Women MPs say no to 'men fund' proposal

COUNTIES
By Alphonce Shiundu | Oct 23rd 2014 | 2 min read

Women MPs Wednesday dismissed the push for a special fund for men over 35 years by their male colleagues.

The legislators said Kenya is a patriarchal society and creating a kitty for men will give them undue advantage over women as they are the majority property owners.

The MPs who weighed in on the issue include Gladys Wanga (Homabay Town), Zulekha Hassan (nominated), Fathia Mahboub (Mandera) and Tiyah Galgalo (Isiolo).

“Men over 35 years are the owners of various factors of production; they are the ones who own land, and in cultures with cattle, they are the owners. They own all property.
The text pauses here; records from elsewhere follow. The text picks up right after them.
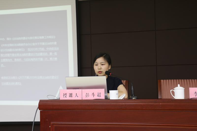 培训会上,彭斗超介绍了开展法治政府建设示范创建的背景,并从网上申报、第三方测评、实地核查等几个方面对法治政府建设示范创建相关工作内容进行了讲解与培训。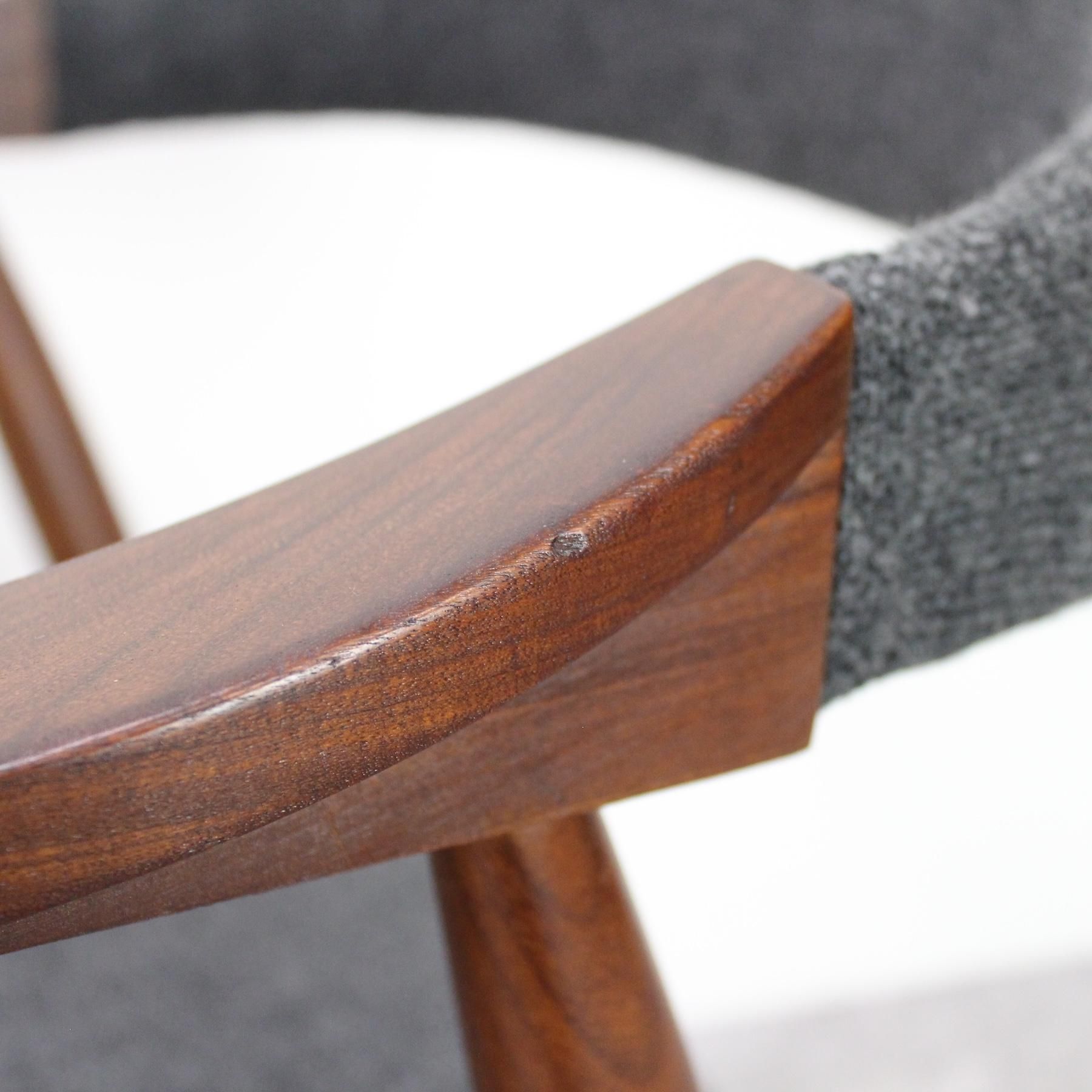 スラっと伸びた脚部のフレームがきれいなアームチェア。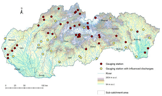 We selected 42 representative water-gauging stations (WSs) in Slovakia with a period of observation since at least 1961 and with little or no anthropogenic influence on discharges. For a more even coverage of the territory of Slovakia, we also added 21 stations with the hydrological regime partially influenced by human activities for evaluation because, especially in lowland areas, the regime at most WSs has been influenced by abstractions for agriculture and industry as well as by manipulations on water reservoirs. The results from these WSs were considered with respect to this fact and were not directly used to generalize the results. The spatial distribution of the selected WSs is presented in Figure 1 and the catchment characteristics are summarized in Table 1.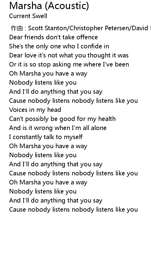 | [00:34.29] | Oh Marsha you have a way |
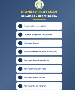 Standar Pelayanan Kejaksaan Negeri Blora SOP Standar pelayanan publik Kejaksaan Negeri Blora dapat dilihat...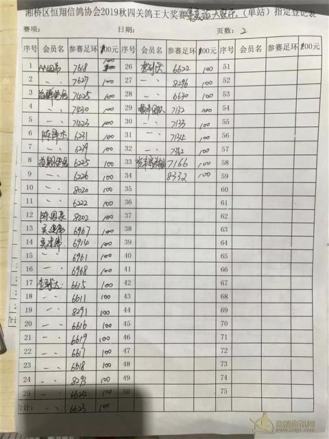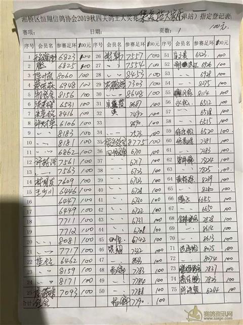 2019年秋四关鸽王大赛集美站大家乐指定登记表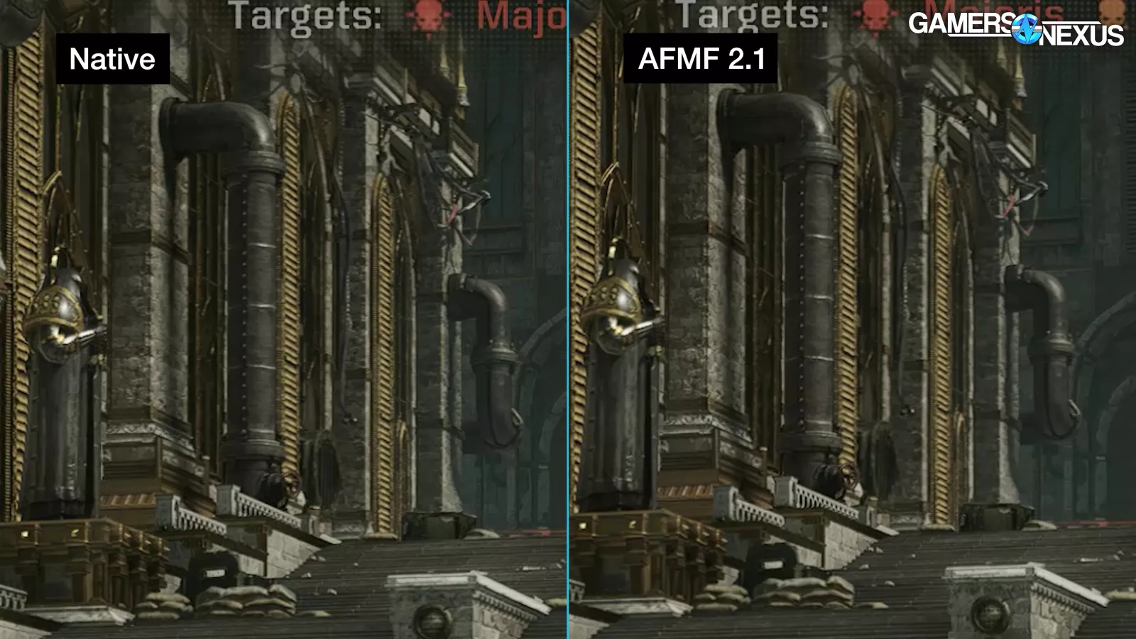 For comparison purposes, we selected games that support in-game frame generation to compare with driver-level changes. In the real world, you should almost always opt for in-game frame generation over AFMF at the driver if in-game is available. The most obvious downside of AFMF is that it has no awareness of UI elements, so menus, text, and icons may be distorted (although we saw NVIDIA struggle with this even with in-game frame generation).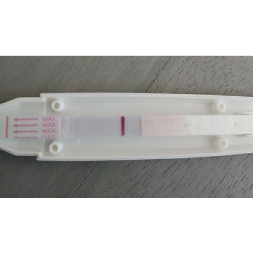 Ik probeer het op de foto te zetten maar niet te zien! Als ik het schuin hou dan zie ik een hele lichte streep!! Maar soms denk ik ook dat ik het me verbeeld 😂 morgenochtend nog maar eens testen met ochtendurine! 🙏🏻 jij ook een hele goede zwangerschap gewenst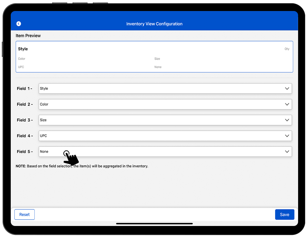 Select the fields that the user wants to be displayed at the time of inventory so that desired information is captured when doing the scan.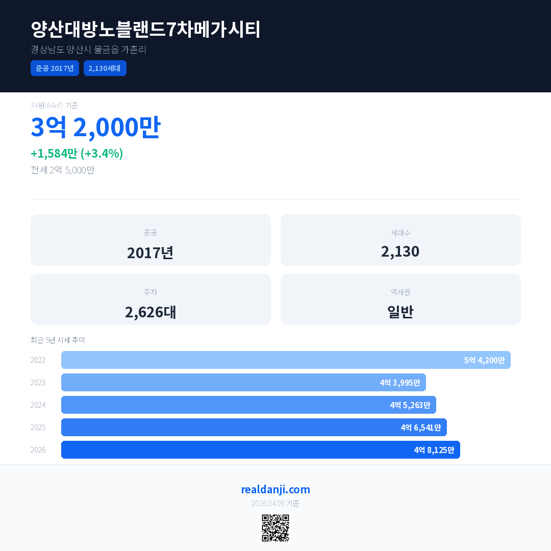 양산대방노블랜드7차메가시티 국민평형 기준 2026년 평균 거래가는 4억 8,125만으로, 전년 대비 3.4% 상승 했습니다.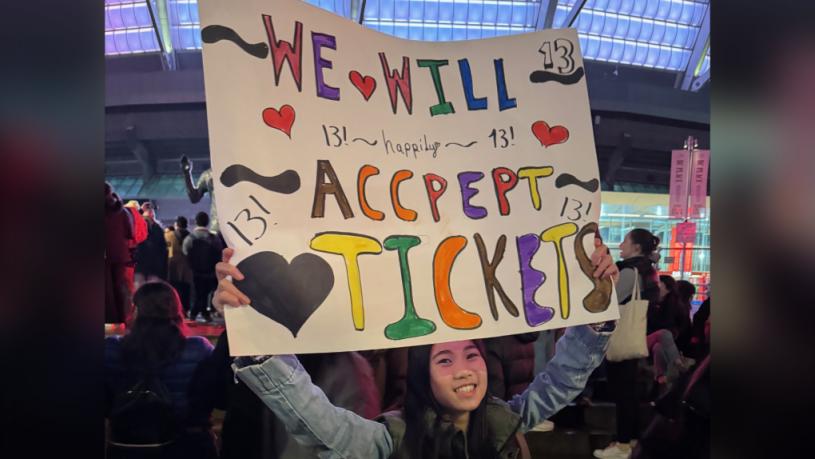 【星岛综合报道】13 岁的华裔少女哈新妮 (Sidney Ha,音译) 是众多没有泰勒丝温哥华 Eras 演唱会门票的粉丝之一,她和这群人都聚集在卑诗体育馆的围栏外举著牌子渴求有人赠送或转售门票,竟没想到真遇上一位陌生人慷慨相助,哈新妮最终进入了体育馆聆听偶像唱歌。

Why then do they need a special fund?” posed Wanga during debate on the Motion.

Though the Motion is clothed as pushing for a universal fund for “people of all ages and genders”, the women MPs said such a kitty will not be sustainable.

They said the country already has a Youth Enterprise Development Fund and Women Fund which were set up because these groups were vulnerable.

“These funds identified youth and women as people who have certain vulnerabilities that must be dealt with for them to transition. You cannot buy a baby-walker for a child and keep him or her in it for the rest of their life,” said Wanga.

Zulekha dismissed the Motion as “a mockery of affirmative action”. She said men over 35 ought to have developed skills they can use to make them self-reliant by that age.

“The answer to the poverty in Kenya is not to give money to different groups. If we approve this, we’ll be setting a dangerous trend,” Zulekha warned.

Mahboub echoed Wanga’s sentiments, saying the proposal was ill-conceived.

Marginalised groups

“The country has created enough funds for marginalised groups. Many have had many opportunities to advance themselves over the years and it is up to them if they have failed to utilise them,” said Mahboub.

She added: “Men have a lot of opportunities. They can walk into a bank with a title-deed and get money. Why then should they have a special fund?”

The women lawmakers managed to get the support of Johnson Sakaja (nominated), Korei ole Lemein (Narok South) and John Mbadi (Suba) in dismissing the push for the fund as ill-advised.

Mbadi said the Motion was “meaningless and useless” given that it was difficult for the country to set up a universal fund — a kind of parallel bank — targeting all Kenyans.

“Do not bring populist Motions to the House simply to show our constituents that we care. This is meaningless,” said Mbadi.